On one of the final days of press tour, FX held a panel with several of its top drama showrunners, including Peter Tolan from "Rescue Me," and I asked him the same question I'd raised in my last episode review a few weeks ago, about how he felt doing 22 episodes this season instead of 13 had worked out. This is what he said:
Well, the advantages of doing a shorter season are you’re obviously much more able to focus on the quality of the individual episodes, as opposed to looking at a very daunting 22 or 24 order (in) which, typically you’re going to have some really wonderful shows in there and some good shows and then a couple of stiffs. Hopefully, when you’re doing 13 shows, they’re all wonderful or pretty good. And when we did the 22 this year on "Rescue Me," it was a big thing because we used to consider the 13 sort of the Bataan Death March, and by the time we’d get to the end, we were dragging.So Tolan seemed pretty happy with how it's gone, as has FX, which has ordered at least 18 episodes for next season (FX president John Landgraf said it was possible they might order a few more).

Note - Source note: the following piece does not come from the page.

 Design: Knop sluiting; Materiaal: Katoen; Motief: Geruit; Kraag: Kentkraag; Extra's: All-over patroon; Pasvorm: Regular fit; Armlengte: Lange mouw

But for some reason, whatever it was, we were very energized and able to get through those 22 episodes with a great amount of vigor. So I don’t know why that happened. I think it may have been some sort of a human drug, you know, the growth hormone thing that they were putting in the food at lunch.

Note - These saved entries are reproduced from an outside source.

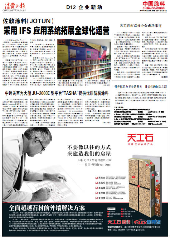 中國涂料報 2014年6月26日 星期四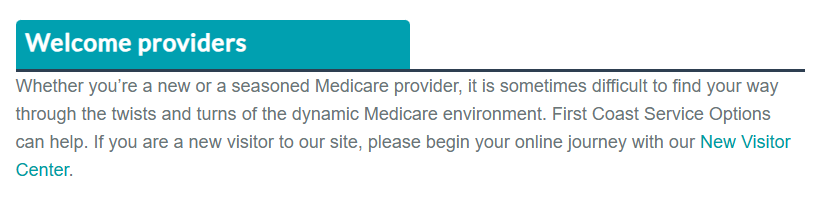 Welcome Providers: This guides providers to learn more about First Coast and also includes a link to our New Visitor Center.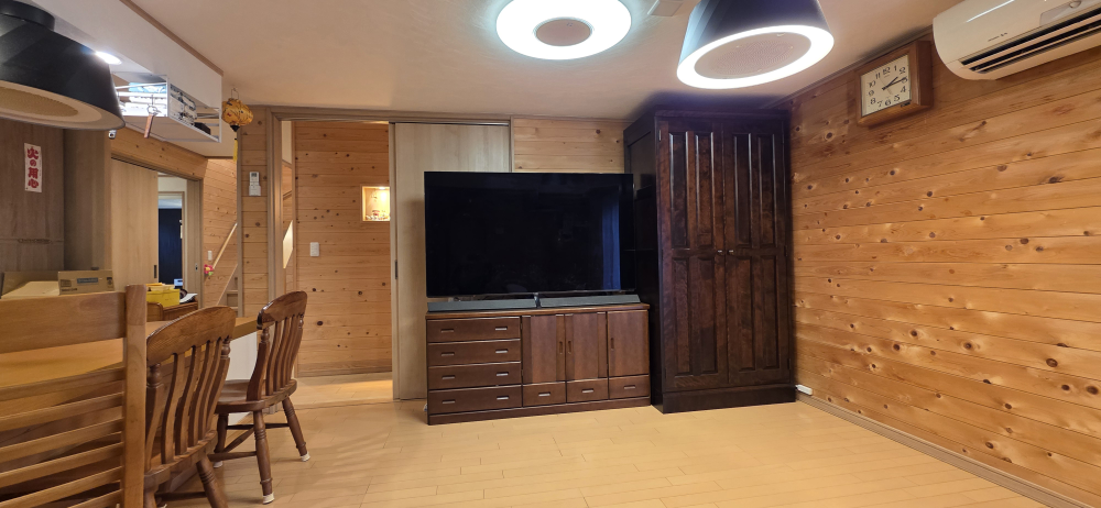 壁や床の木肌のやさしい雰囲気の中で、松本民芸家具ならではの落ち着いた存在感がほどよいアクセントになっていますね。まるで以前からそこにあったかのような佇まいが印象的です。

As I was the last time, my feelings are mixed about doing such a long season. It still feels like the storytelling has been too much on the shaggy side, and also that we've spent too much time focusing on stories that aren't very interesting (Tommy's love triangle, which I guess is now a quadrangle) than on the ones that were more compelling (repressed feelings about 9/11 coming back to the surface).
But the other thing I wrote last time feels even truer after an episode like "David": that having so many hours to fill has given Tolan, Denis Leary and company license to do scenes that are incredibly long by modern TV drama standards. Sometimes, those elongated scenes don't work and then seem to drag on forever, like Tommy's fantasy about adult Connor coming to rob the bar. And sometimes they work but have no connection to anything that came before or after, like Garrity's penile panic from last week's episode, which was funny but felt like it could have been airlifted into any episode that season that was running short.
But when they work, and when they tie into the ongoing storylines -- as in Lou and Tommy argument gradually turning into a brawl whose duration rivaled the Rowdy Roddy Piper/Keith David fight scene from "They Live!", or as in Kelly(*) gradually deciding to give Tommy a shot at dinner -- then they're a tremendous pleasure to watch, and make me think that doing a longer season isn't such a bad idea. Maybe 18 is better than 22 -- long enough to give them freedom for scenes like this, but not so long that the story arcs are stretched out too thin -- but as we head into the home stretch of season five, I'm feeling good about the season again.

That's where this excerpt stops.